23 January 2018 | Construction, Engineering and Infrastructure Law
In June last year the Johannesburg High Court handed down a judgment relating to an application by a foreigner for the enforcement of a foreign arbitration award granted against a foreign defendant. In other words, all parties concerned were foreigners or in legal terminology peregrini.
The case involved a company registered in the United Kingdom, Balkan Energy Ltd (“Balkan”), and the Government of Ghana (“GoG”).
GoG had contracted with a foreign power company (“Powerco”) in terms of which Powerco agreed to supply and operate a dual fired diesel and gas power barge in Ghana to generate and supply electricity to GoG in terms of a Power Purchase Agreement.

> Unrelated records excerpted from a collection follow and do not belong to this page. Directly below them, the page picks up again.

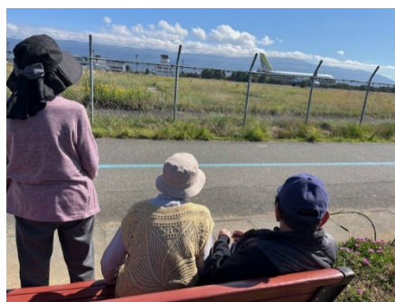
飛行機を見ました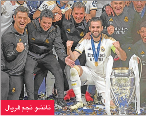
ناتشو نجم الريال

أعلن ريال مدريد بطل إسبانيا وأوروبا الثلاثاء رحيل قائده دفاعه ناتشو فرنانديس (34 عاماً) والمتوقع أن تكون وجهته المقبلة القادسية السعودي، بعد أن أمضى 23 عاماً في كنف نادي العاصمة، و12 موسماً مع الفريق الأول. وجاء في بيان للنادي الملكي: «نحرب عن امتناننا ومحبتنا لناتشو، أحد الأساطير العظيمة في نادينا»، الذي لعب 364 مباراة بالقميص الأبيض وفاز بـ 26 لقباً، من بينها 6 ألقاب في دوري أبطال أوروبا، و4 في الدوري الإسباني و2 في كأس إسبانيا. ووفقاً للصحافة الإسبانية، فقد وقع عقداً لمدة موسمين مع نادي القادسية السعودي العائد للدرجة الأولى. ويسير ناتشو على خطى العديد من الأسماء الأوروبية البارزة، بمن فيهم زميله السابق البرتغالي كريستيانو رونالدو. ويُنتظر الآن وضع اللمسات الأخيرة وإضفاء الطابع الرسمي على صفقة الانتقال.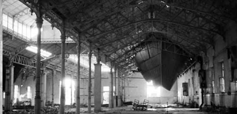
► Manufacture d'allumettes d'Aix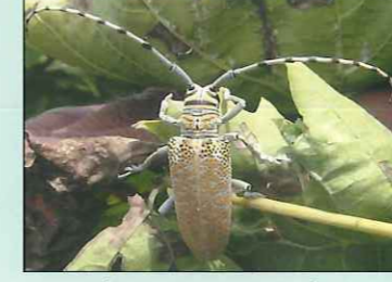
अंकुर फस्त करणारा प्रौढ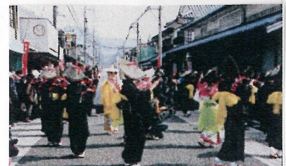
▲ 流しびな行列 神舞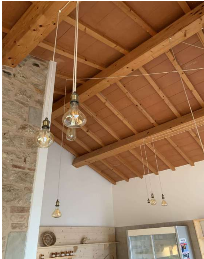
25 – Fabbricato B – interno – vendita

58100 GROSSETO, VIA ROMA N° 3 - CELL. +393476223950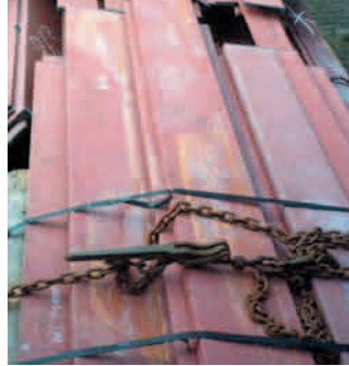
Diese Spannelemente sind gefährlich und dürfen nicht verwendet werden.

Beispiel: Die Kette hat eine Zurzkraft (LC) von 10 kn (10 t), der Zurzpunkt ist mit der Zahl 5 gekennzeichnet und kann daher ebenfalls mit 10 t belastet werden. Der Fahrer spannt die Kette so stark an, wie er kann und erreicht dabei eine Spannkraft von 6.000 daN (6 t). Jetzt bleibt dem System Kette – Zurzpunkt nur noch eine „restliche“ Sicherungskraft von 4 kn (4 t) für ihre ei-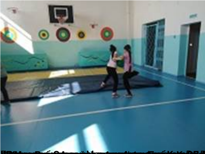
В спортзале учащиеся и преподаватели провели занятия по танцу.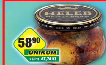
HELEB s.r.o., Kuličky sýrové borevné 250g, obj.č.31842100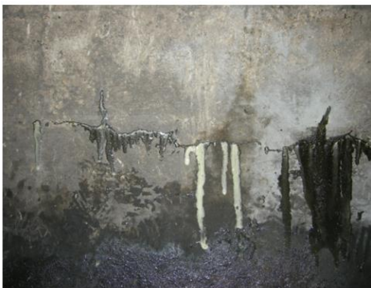
KUVA 6. Polyuretaani on reagoinut veden kanssa ja tunkeutuu ulos halkeamasta (Väylävirasto 2016, 36.)

Polyuretaani-injektointi on yksi muovi-injektionin osa-alueista ja siinä pyritään ensisijaisesti saavuttamaan vesitiiviys ja tarvittaessa myös lisäämään rakenteen lujuutta. Erityisesti kosteuden tai veden kanssa reagoiva polyuretaani soveltuu hyvin kohteisiin, joissa esiintyy vesivuotoa, eikä veden tuloa tarvitse pysäyttää ennen injektointia. Polyuretaanin vaikutus näkyy lähes välittömästi injektoinnin jälkeen ja se pumpaaminen on keskeytettävä, kun polyuretaania alkaa pursuta runsaasti halkeamasta ulos (kuva 6). (Väylävirasto 2016, 35, 36.)

The Power Purchase Agreement incorporated an arbitration clause requiring all disputes to be determined by arbitration.
The agreement included a clause in terms of which GoG waived any immunity that it was entitled to claim in relation to any legal proceedings against it or attachment of its assets by virtue of it being a sovereign state.

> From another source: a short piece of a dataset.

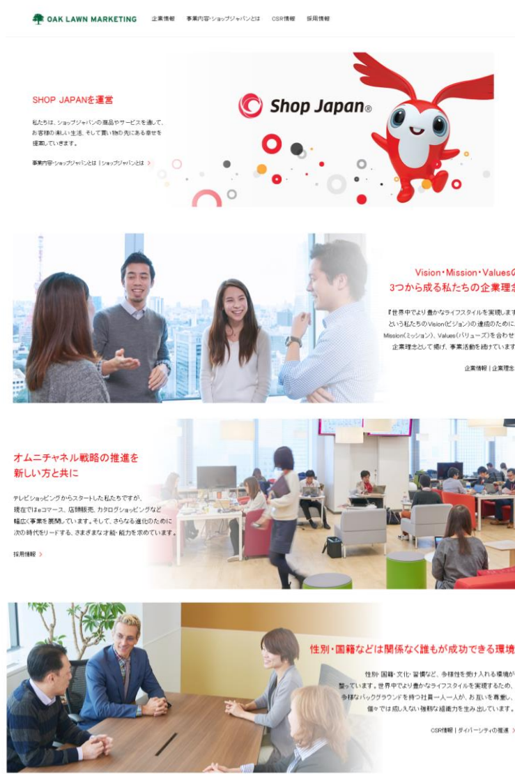
コーポレートサイト TOP ページ (バナー)

また、当社に入社を希望される皆様に対し、企業風土も理解していただけるよう、当社にまつわる様々な数字に着目し、ご紹介するコンテンツを新たにご用意しました。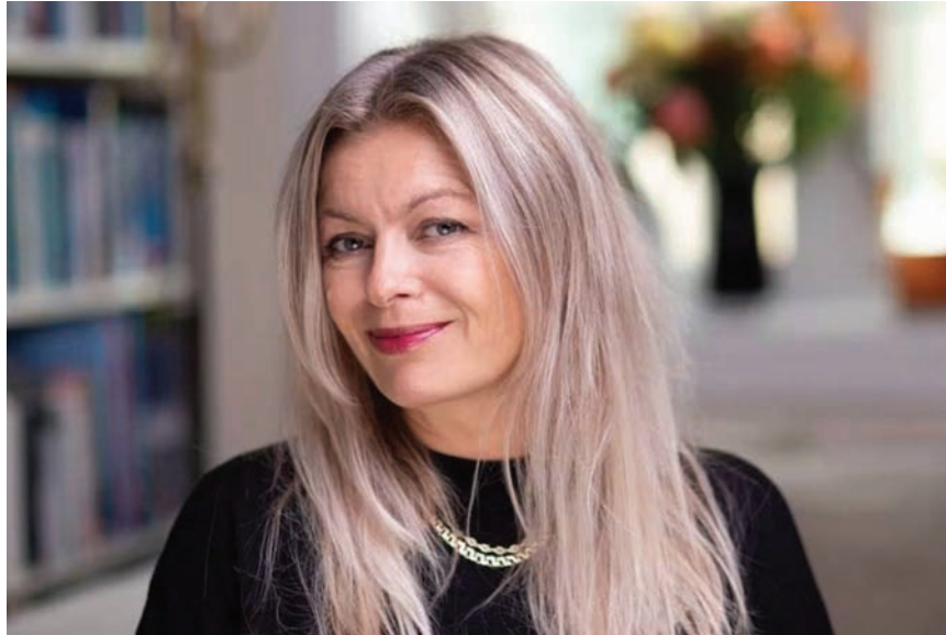
الكاتبة النرويجية لين ستالسبيرغ

كيف تدمر الليبرالية الجديدة البشر والطبيعة! لين ستالسبيرغ كيف تدمر الليبرالية الجديدة البشر والطبيعة ترجمة شيرين عبد الوهاب رسمت علي أمين

A dispute arose between Powerco and GoG which culminated in an arbitration award being issued against GoG in favour of Powerco in the sum of approximately US$12,5m.

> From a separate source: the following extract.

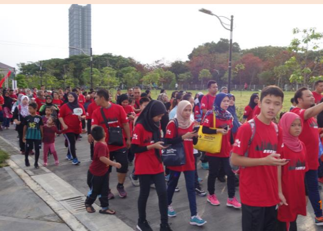
Pendaftaran Peserta dan Pelepasan Acara Eco Fun Walk

Powerco ceded its rights under the arbitration award to Balkan.
Balkan Energy Ltd and Another v Government of Ghana 2017(5) SA 428 GJ.
Balkan decided to enforce the arbitration award against GoG in South Africa, having learnt that GoG held approximately 6 400 000 shares in AngloGold Ashanti Ltd, a company registered in the Republic of South Africa and having its registered office in Johannesburg.
In doing so, Balkan invoked the provisions of the Enforcement of Foreign Arbitral Awards Act, 40 of 1977 (“the Recognition and Enforcement Act”), which provides as follows:
“2. Foreign arbitral award may be made order of court and enforced as such
(1) Any foreign arbitral award may, subject to the provisions of sections 3 and 4, be made an order of court by any court.
(2) Where any amount payable in terms of such award is expressed in a currency other than the currency of the Republic, the award shall be made an order of court as if it were an award for such amount in the currency of the Republic as, on the basis of the rate of exchange prevailing at the date of the award, is equivalent to the amount so payable.
(3) Any such award which has under subsection (1) been made an order of court, may be enforced in the same manner as any judgment or order to the same effect.”
Balkan’s end game was to execute against GoG’s shares in AngloGold Ashanti once the High Court had issued an appropriate court order recognising the arbitration award, thereby rendering it enforceable as if it was a judgment of our courts.
Because Balkan and GoG were both foreigners, it was necessary for Balkan to make an attachment of GoG’s AngloGold Ashanti shares to confer jurisdiction on the Johannesburg High Court to entertain its application.
Ordinarily, our courts will not entertain cases involving two foreigners. However, where a case involves the enforcement of a foreign arbitral award, the court makes an exception, provided that any order granted by it will be effective in the sense that there are assets within its jurisdiction which can be executed against.
The Johannesburg High Court held that the Recognition and Enforcement Act was intended by the Legislature to invest in any Division in the Supreme Court of South Africa jurisdiction to recognise a foreign arbitral award, even one between peregrini. This being subject only to there being that degree of effectiveness provided by an attachment of property.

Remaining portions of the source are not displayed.